A ideia de Elon Musk de construir centros de dados orbitais para inteligência artificial (IA) está se concretizando, deixando de ser uma mera especulação para se tornar um plano tangível. A SpaceX, empresa de Musk, oficializou junto à FCC uma proposta para uma rede de um milhão de satélites dedicada a essa finalidade. Este movimento demonstra a seriedade por trás da visão de Musk.
A Fusão Estratégica que Impulsiona a Visão
Um passo crucial nessa jornada foi a formalização da fusão entre a SpaceX e a xAI. Essa união estratégica alinha os empreendimentos de Musk em exploração espacial e inteligência artificial, conferindo um novo sentido à proposta de uma infraestrutura conjunta no espaço. A parceria sugere que a infraestrutura orbital é vista como um pilar fundamental para o futuro da IA.
O Argumento para Centros de Dados no Espaço
Elon Musk defende que a instalação de centros de dados no espaço oferece vantagens significativas. Ele ressalta que painéis solares em órbita geram substancialmente mais energia do que na Terra, o que poderia reduzir drasticamente os custos operacionais, um dos maiores desafios para data centers convencionais. Em um podcast com Patrick Collison e Dwarkesh Patel, Musk afirmou que a capacidade de escalonamento no espaço supera a terrestre, com painéis solares produzindo cerca de cinco vezes mais energia.
Contudo, alguns especialistas, como Patel, apontam que a eficiência energética não é o único fator de custo.

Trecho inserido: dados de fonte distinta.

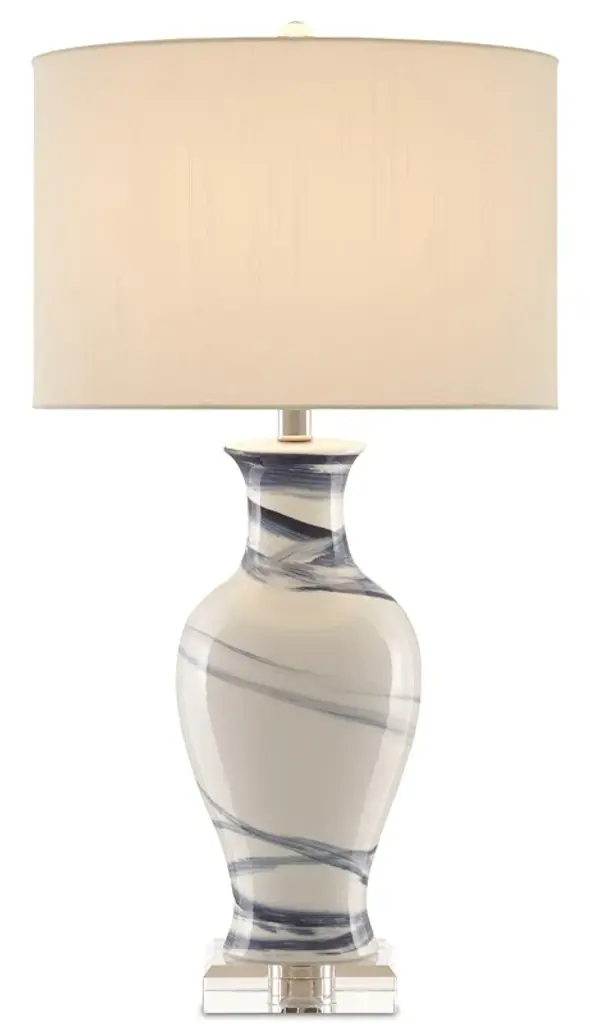 Our Myrtle Table Lamp is made of white and blue ceramic with whispery motifs that read as floral in nature. Sitting atop a clear optic crystal base, the white lamp has a decidedly feminine appeal. Metal hardware in a polished nickel finish and an optic crystal finial fasten the off-white linen drum shade to this table lamp. Ships In 7-10 Business Days This image is for illustrative purposes only. The colors shown are accurate within the constraints of lighting, photography, and the color accuracy of your screen.

Outras despesas e a complexidade da manutenção de hardware em órbita, como GPUs que falham durante o treinamento de modelos de IA, precisam ser consideradas. Apesar dessas ressalvas, Musk projeta que, em um período de 30 a 36 meses, o espaço se tornará o local mais economicamente viável para a IA, e que, em cinco anos, mais IA será lançada e operada em órbita do que o total cumulativo na Terra. Para colocar em perspectiva, a capacidade global de data centers em 2030 é estimada em 200 GW, representando trilhões de dólares em infraestrutura apenas terrestre.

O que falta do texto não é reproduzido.